Настя засмеялась и сказала:

– Шутник вы, Сила Иваныч.

– Что ж, споешь?

– Спою, спою, – отвечала Настя скороговоркой и, вздохнув, проговорила: – Вот кабы вы лет семь назад приезжали, так я бы вам напела песен, а теперь где уж мне петь! В те-то поры я одна была, птичка вольная. Худо ли, хорошо ли, а все одна. И с радости поешь, бывало, и с горя тоже. Уйдешь, затянешь песню, да в ней все свое горе и выплачешь.

– А у тебя много было горя, Настя?

– Да; а то разве без горя нешто проживешь, Сила Иваныч? Всего было на моем веку-то!..

Как пошла тут Настя рассказывать свою жизнь, так всю ее по ниточке перебрала; все рассказала Силе Иванычу до самого того дня, как привезли ее к нему в дом. Старик слушал с большим вниманием и участием.

– Что ж, ты любила, что ль, того Григорья-то садовника? – спросил Крылушкин, когда Настя окончила свой рассказ.

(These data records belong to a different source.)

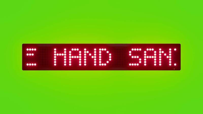 USE HAND SANITIZER REGULARLY Scrolling Red Dot Matrix LED Text Animation on Green Screen Seamless Loop Free Video
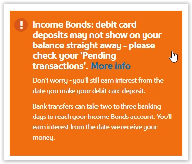 Thanks for the clarification. I paid by debit card. That'll teach me to read all the bumf. I obviously misinterpreted the head of the web page which says "Bank transfers can take two to three banking days to reach your Income Bonds account. You'll earn interest from the date we receive your money." Maybe this needs to be a little clearer for non-bankers !eskbanker said:
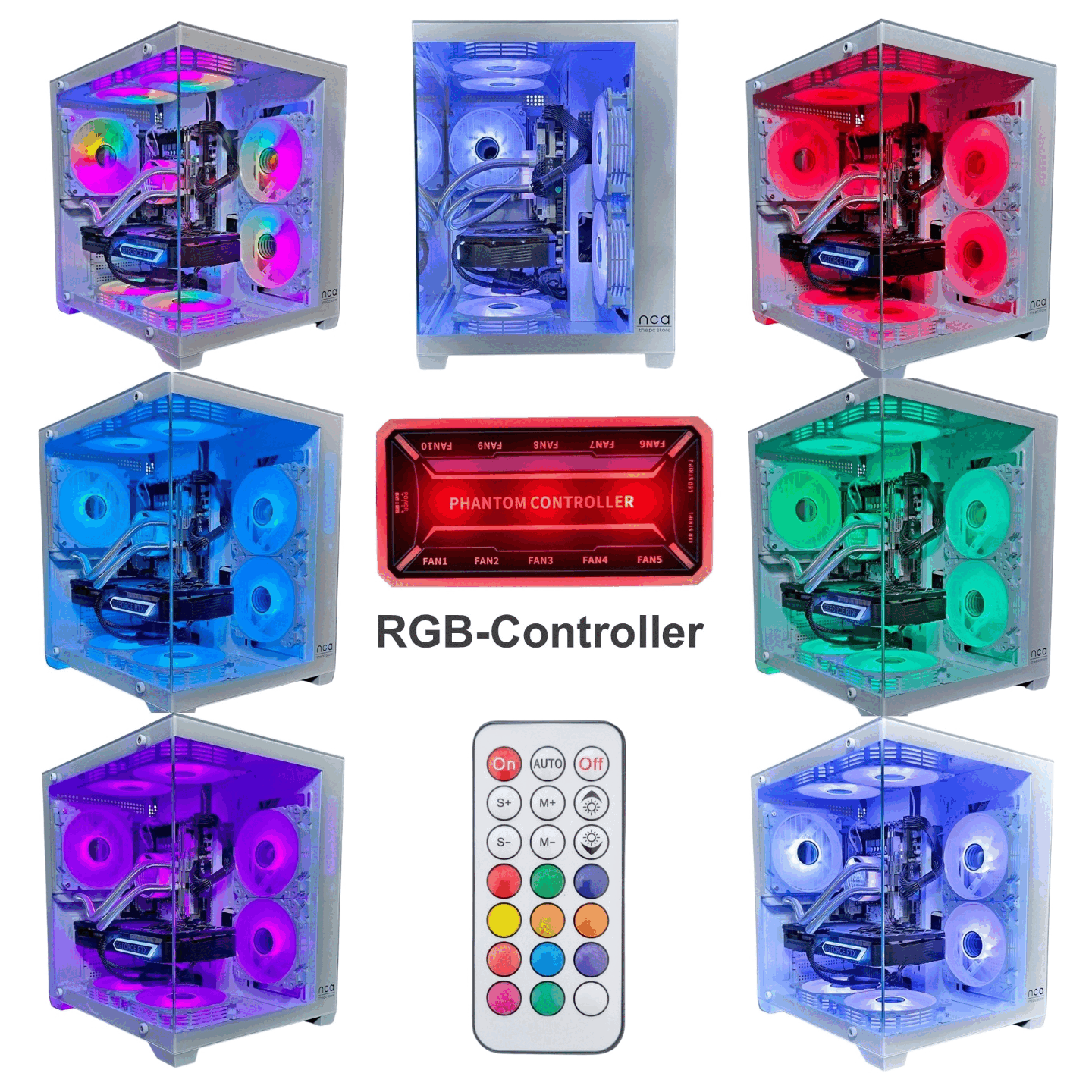 Durch den optionalen RGB Controller wird das System optisch massiv aufgewertet. Die RGB Effekte, dynamischen Leuchteffekte und Lüftergeschwindigkeit können über die mitgelieferte Fernbedienung eingestellt werden. Dadurch stehen 12 Farben und 18 dynamische Leuchteffekte zur Verfügung! Die Kombination aus Gummilagerung zur Vibrationsreduktion und steuerbaren Lüftergeschwindigkeit sorgen für einen kaum zu hörenden Geräuschpegel von 20dBA.
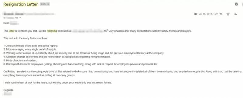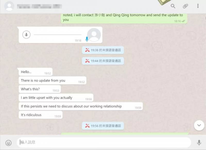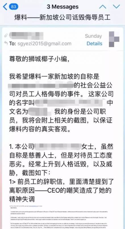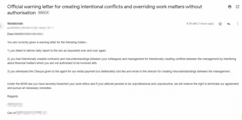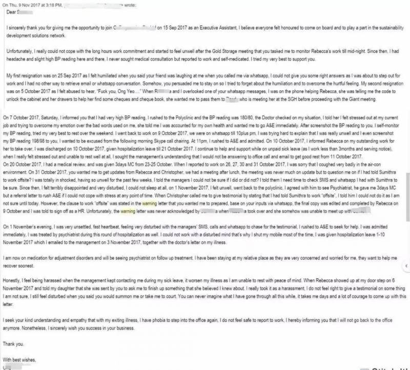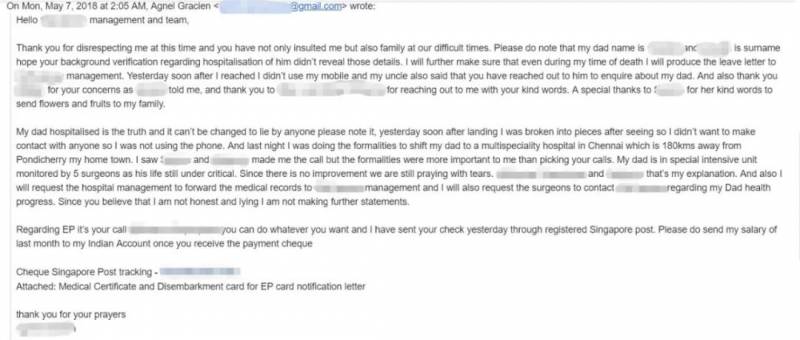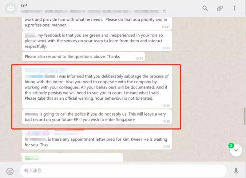 (某同事)将要报警了,如果你再不回复我们。这将会给你的EP留下非常坏的记录,如果你未来还希望留在新加坡。
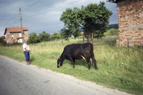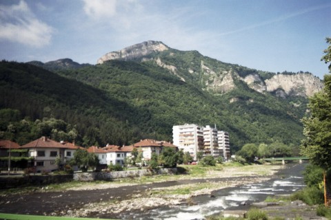 Leaving the town of Cevlievo ("СЕВЛИЕВ), I cross a bridge and see a sight that forces me go back and pull out the camera again. Along the river bank, people are picnicking and there's three goats trotting along the river. This really seems to be a land without fences. I try to confirm directions with a passer by but he doesn't understand me grabs the next pedestrian. We go through a few "Az ne gavorish Bulgarski"s and then we realize we're both Americans. He's blown away by this - he introduces himself as "John Blessing, the ONLY American around here". John's a Peace Corp volunteer here teaching at the school and comments how people would flock here to vacation if they knew how nice it was. I'm just thinking I need to get moving again when he excuses himself to continue his afternoon jog.

– Н…н…нет, – отвечала, подумав, Настя. – Так только, он был такой ласковый до меня да угодливый.

– Ну, а он тебя любил?

– Бог его знает.

– Может, ты другого кого любила? – спросил опять, помолчав, старик.

– Нет, – отвечала Настя.

– Может, теперь любишь?

Настя отрицательно качнула головой и сказала:

– Нет! Мне только все грустно.

– Чего же тебе грустно?

– Да так грустно, словно чего-то у меня нет, словно что-то у меня отняли. Грустно, да и только. Вылечите вы меня от этой грусти.

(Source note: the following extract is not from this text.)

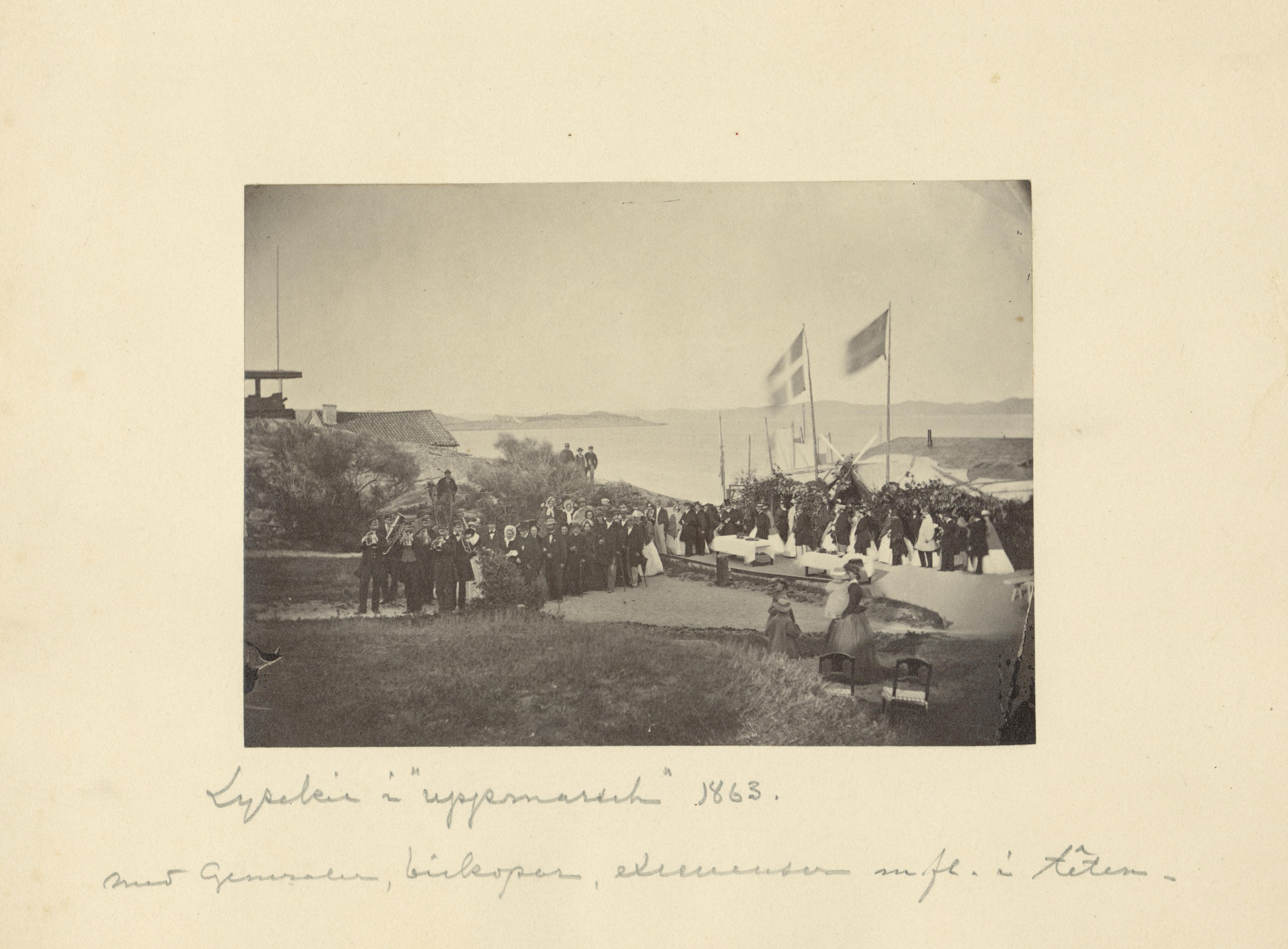 "Lysekil i uppmarsch 1863 med Generalen, biskopen, excelensen m fl i täten". Blåsorkester till vänster i bild.
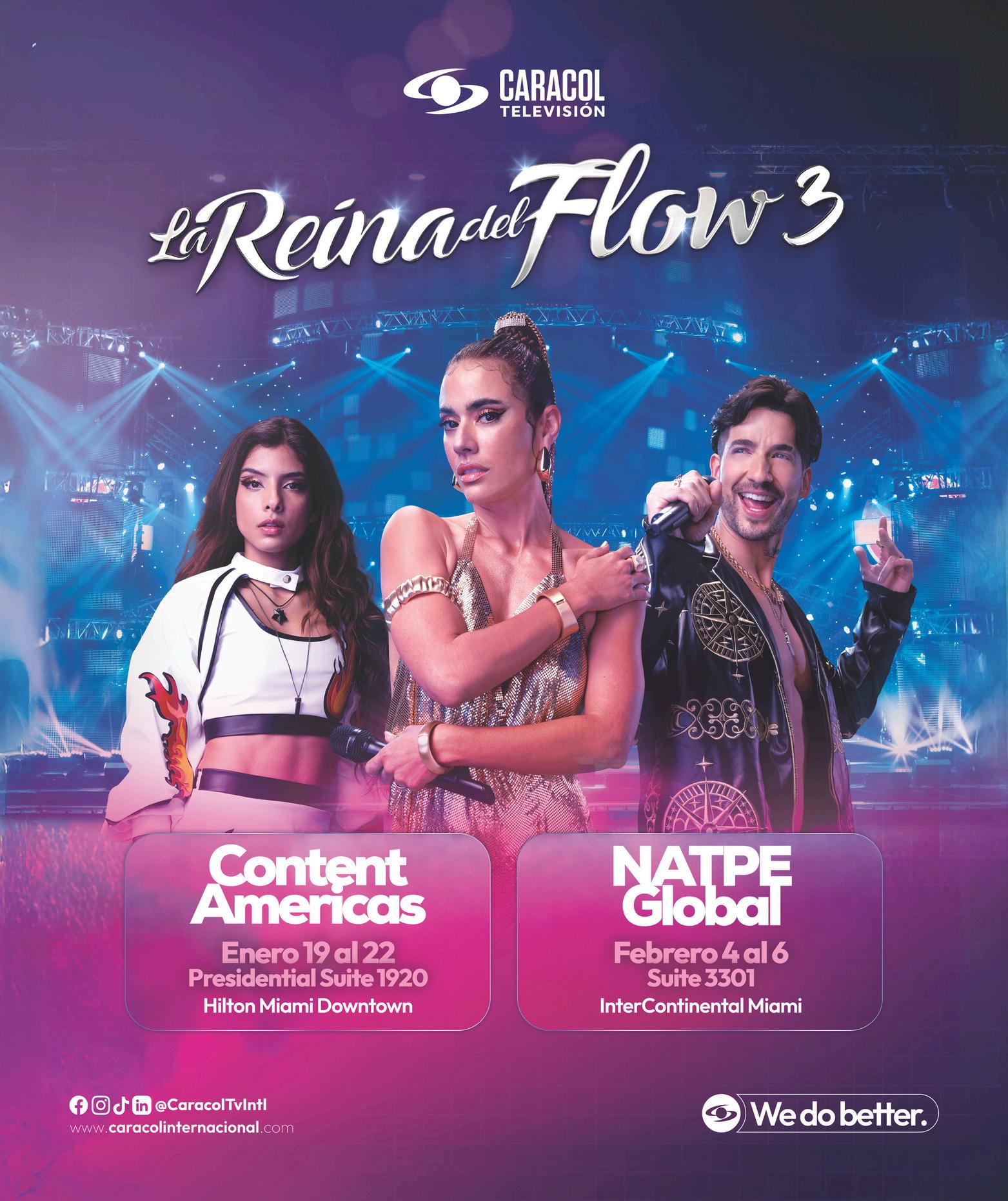 SPTestaráenContentAmericasconvariostítulosdeficcióncomo Señoras mal, inspirada en la producción de 2010 Niñas mal, y contenidos de no ficción como Piensa rápido, un dinámico game show conducido por Adrián Uribe “Esperamos con entusiasmo reunirnosconloscompradoresymostrarlesunaampliaselección denuestrocontenido”,dijoRossiter.

Старик посмотрел на Настю, встал, погладил ее по голове и пошел спать на свою железную кровать, а Настя пошла в свою комнату.

Долго не спала Настя. Все ей было грустно, и старик два раза поднимался на локоть и взглядывал на свои огромные серебряные часы, висевшие над его изголовьем на коричневом бисерном шнурочке с белыми незабудочками. Пришла ему на память и старость, и молодость, и люди добрые, и обычаи строгие, и если бы кто-нибудь заглянул в эту пору в душу Силы Иваныча, то не оказал бы, глядя на него, что все


Стары люди нерассудливы,
Будто сами молоды не бувывали.

II

Возвратился Вукол из О-ла после успеньева дня и привез домой слухи о Насте. Сказывал, что она совсем здорова и работает, что Крылушкин денег за нее больше не взял и провизии не принял, потому, говорит, что она не даром мой хлеб ест, а помогает во всем по двору.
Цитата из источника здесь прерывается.